A ideia é que os tribunais estaduais contatem Secretarias de Saúde estaduais, de modo a recolher as informações sobre a evolução da doença até as 18 horas de cada dia. A partir daí, esses dados seriam enviados ao TCU para consolidação e posterior divulgação das informações.
"O Estado tem obrigação com a sociedade de prestar informações verdadeiras em tempo hábil para que medidas e decisões sanitárias sejam tomadas, levando em consideração o quadro real do País", disse Bruno Dantas. "Os tribunais dos Estados podem fazer essas solicitações às secretarias estaduais. É uma ação cooperativa. O ideal era que o governo superasse os problemas que têm, já que a publicidade das informações é um dos cinco princípios da Constituição. Se o ministério divulgasse diariamente como vinha fazendo, não seria preciso. Mas, no momento em que as estatísticas desaparecem, as pessoas têm de ter acesso às informações."
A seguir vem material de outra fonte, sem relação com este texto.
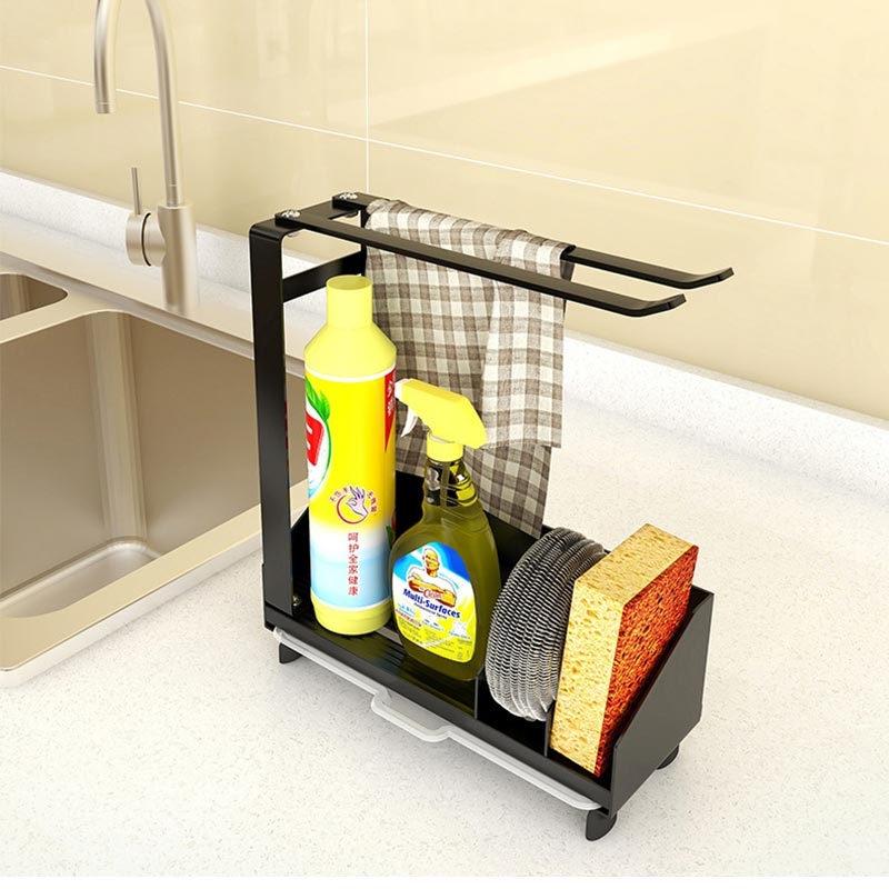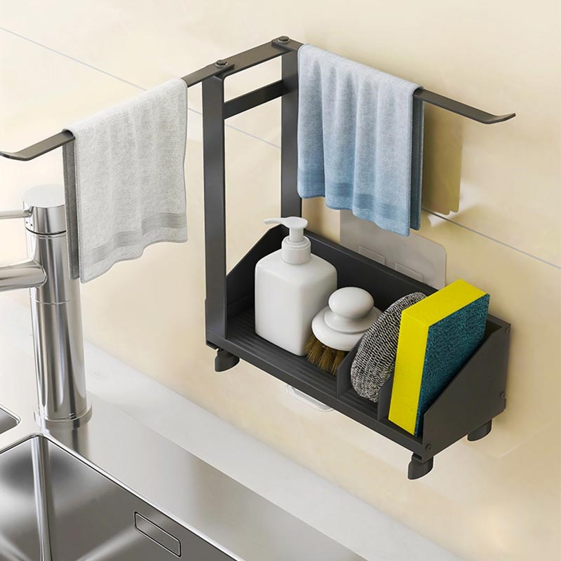 - Diseño de varias capas para un almacenamiento organizado de esponjas, cepillos de vajilla, jabón y estropajos

Fábio Nogueira, presidente da Atricon, disse que não se trata de assumir o papel que é do governo, mas de garantir a prestação de um serviço fundamental à sociedade. "Estamos analisando como isso pode ser feito. Os TCEs estão à disposição para colaborar ."
No Congresso, partidos devem apresentar ações contra o governo no Supremo Tribunal Federal.
Para driblar o atraso na divulgação de dados da doença pela União, o líder da oposição na Câmara dos Deputados, deputado André Figueiredo (PDT-CE), também afirmou que apresentará na segunda-feira projeto de lei para determinar que os números de infectados e mortos pela covid-19 sejam repassados pelas secretarias estaduais à Câmara dos Deputados ao mesmo tempo em que são dados ao governo.